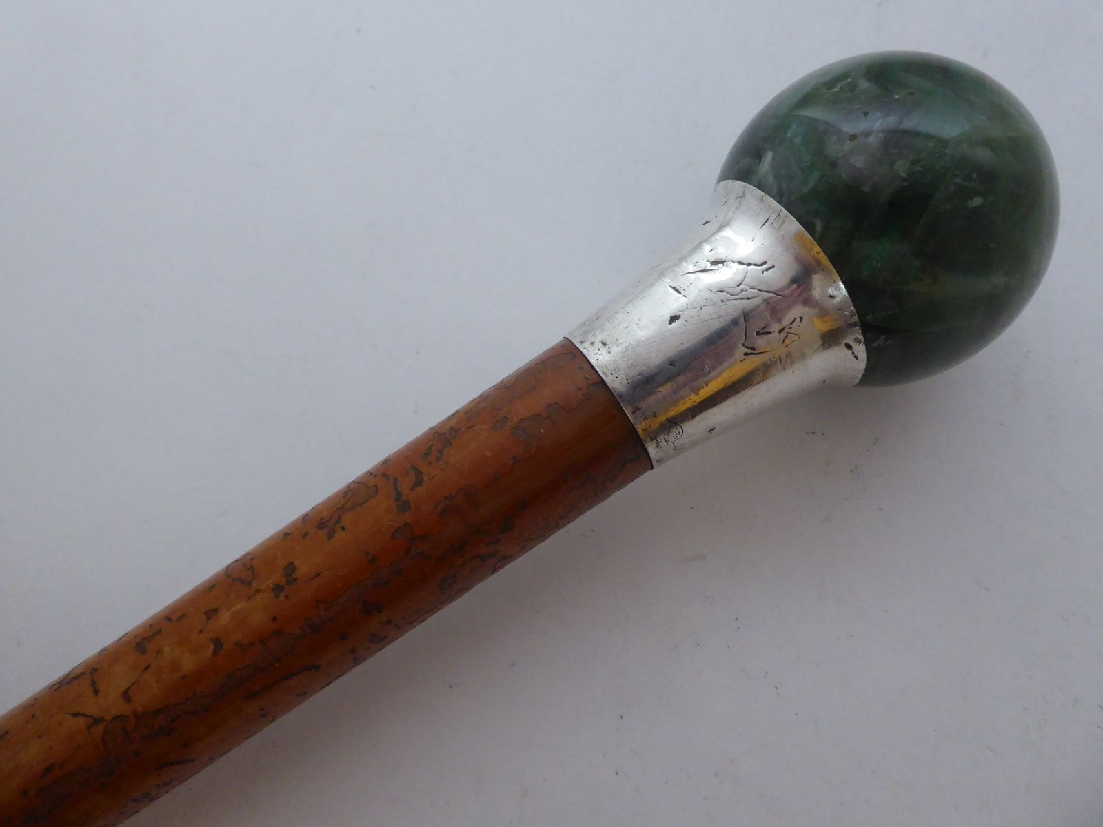 Victorian Walking Stick Cane 1890 Solid Silver Jade Agate Pommel Malacca Shaft
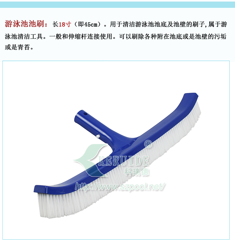 該池刷能刷落池底及池壁的青苔藻類等,適用于泳池、桑拿池等。使用方便、簡單。
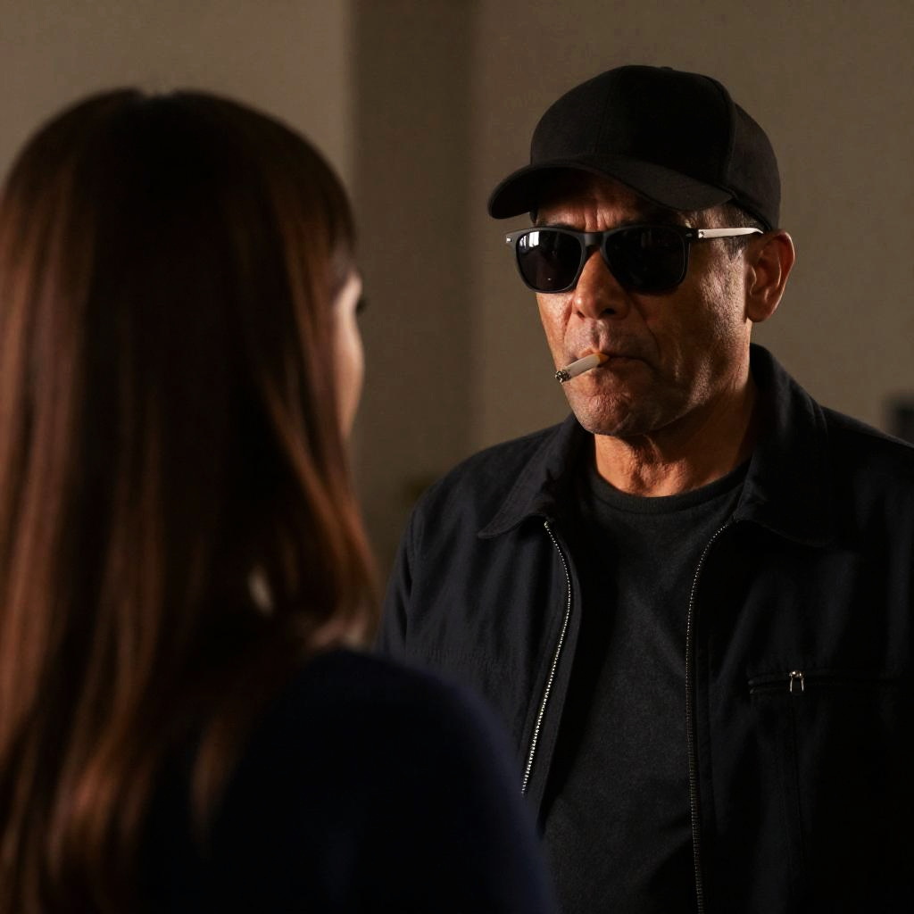Photograph of a middle-aged man with dark skin, wearing a black cap, sunglasses, and a dark jacket with a cigarette in his mouth. He stands facing a woman with long brown hair, seen from the back. Dimly lit indoor setting with blurred background. Man's expression is intense, focused on the woman.
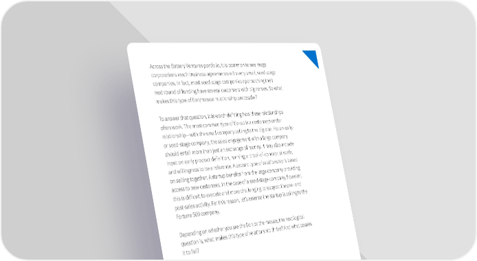 Across the Battery Ventures portfolio, it is common to see mega corporations reach business agreements with very small, seed-stage companies. In fact, most seed-stage companies approaching their next round of funding have several customers with big names. So what makes this type of lion/mouse relationship successful? To answer that question, it is worth deifning how these relationships otfen work. The most common type of tie-up is a customer/vendor relationship—with the small company selling to the big one. For an early- or seed-stage company, the sales engagement with a large company should entail more than just an exchange of money. It may also include input on early product deifnition, running a proof-of-concept at scale, and willingness to be a reference. A second type of relationship is based on selling together: A startup beneifts from the large company providing access to new customers. In the case of a seed-stage company, however, this is difficult to execute and more challenging to support the pre- and post-sales activity. For this reason, let’s assume the startup is selling to the Fortune 500 company. Depending on whether you are the lion or the mouse, the next logical question is, what makes this type of relationship thrive? And what causes it to fail? “It is common to see mega corporations reach business agreements with very small, seed-stage companies.” 10
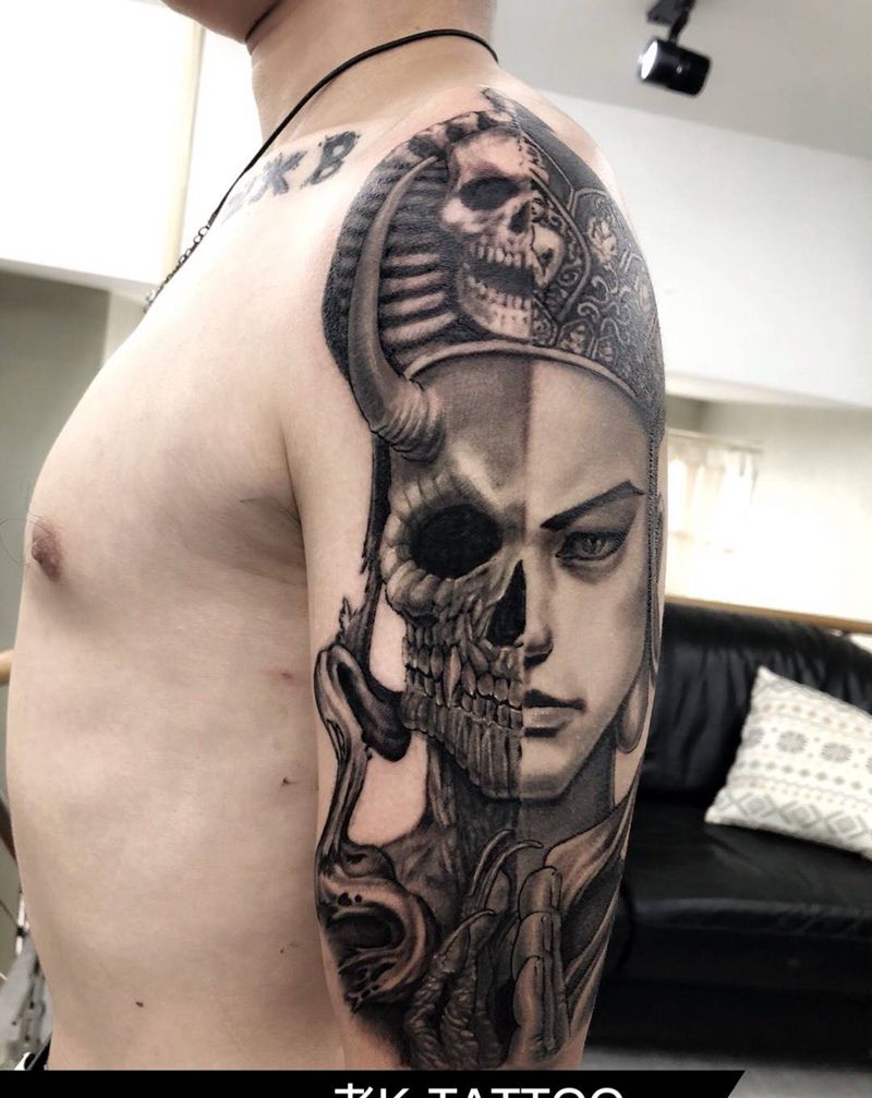 当前位置: 首页 >江苏省南京市纹身店-老K TATTOO纹身图案>佛与魔纹身图片_手臂欧美写实纹身图案
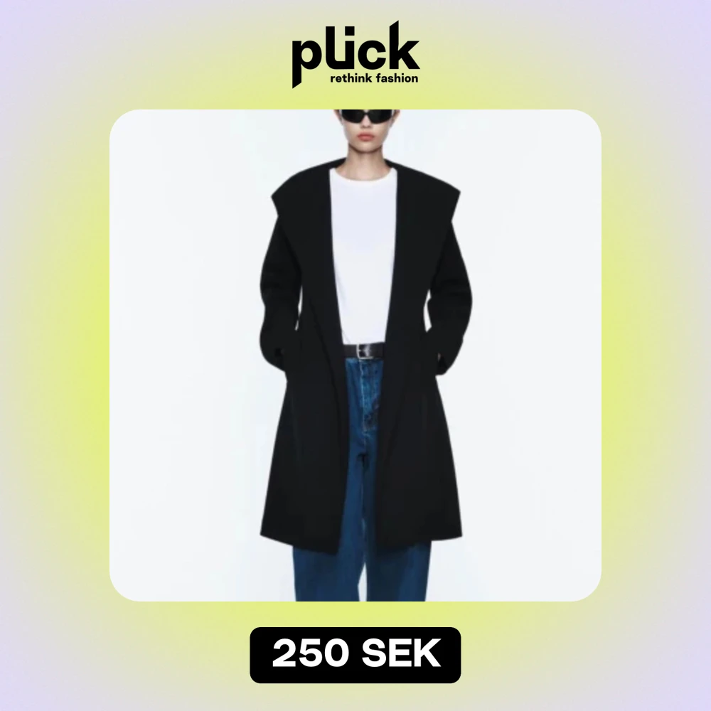 Zara kappa med luva. Hittade inte bild på hemsidan på exakt den, då den förmodligen inte finns kvar. Det är en vanlig svart kappa med luva och knappar. (Knapparna är det ända som skiljer sig från bilden). Den är i storlek S. Nypris: ca 700
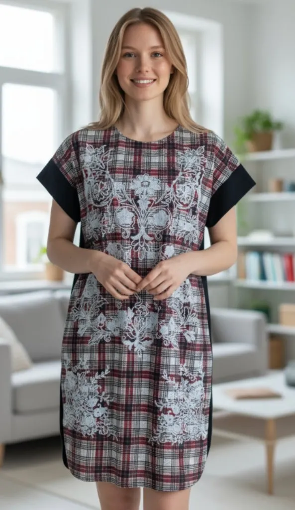 Short sleeve Round neckline Pullover styling Tweed Embroidered Plaid 98% polyester 2% elastane

※

* WORK ORDER
The lines needed run from the first line of the records through the line containing "該池刷能刷落池底及池壁的青苔藻類等,適用于泳池、桑拿池等。使用方便、簡單。", both included. Restate them word for word, without pictures.

* WRITTEN RESPONSE
 Victorian Walking Stick Cane 1890 Solid Silver Jade Agate Pommel Malacca Shaft
 該池刷能刷落池底及池壁的青苔藻類等,適用于泳池、桑拿池等。使用方便、簡單。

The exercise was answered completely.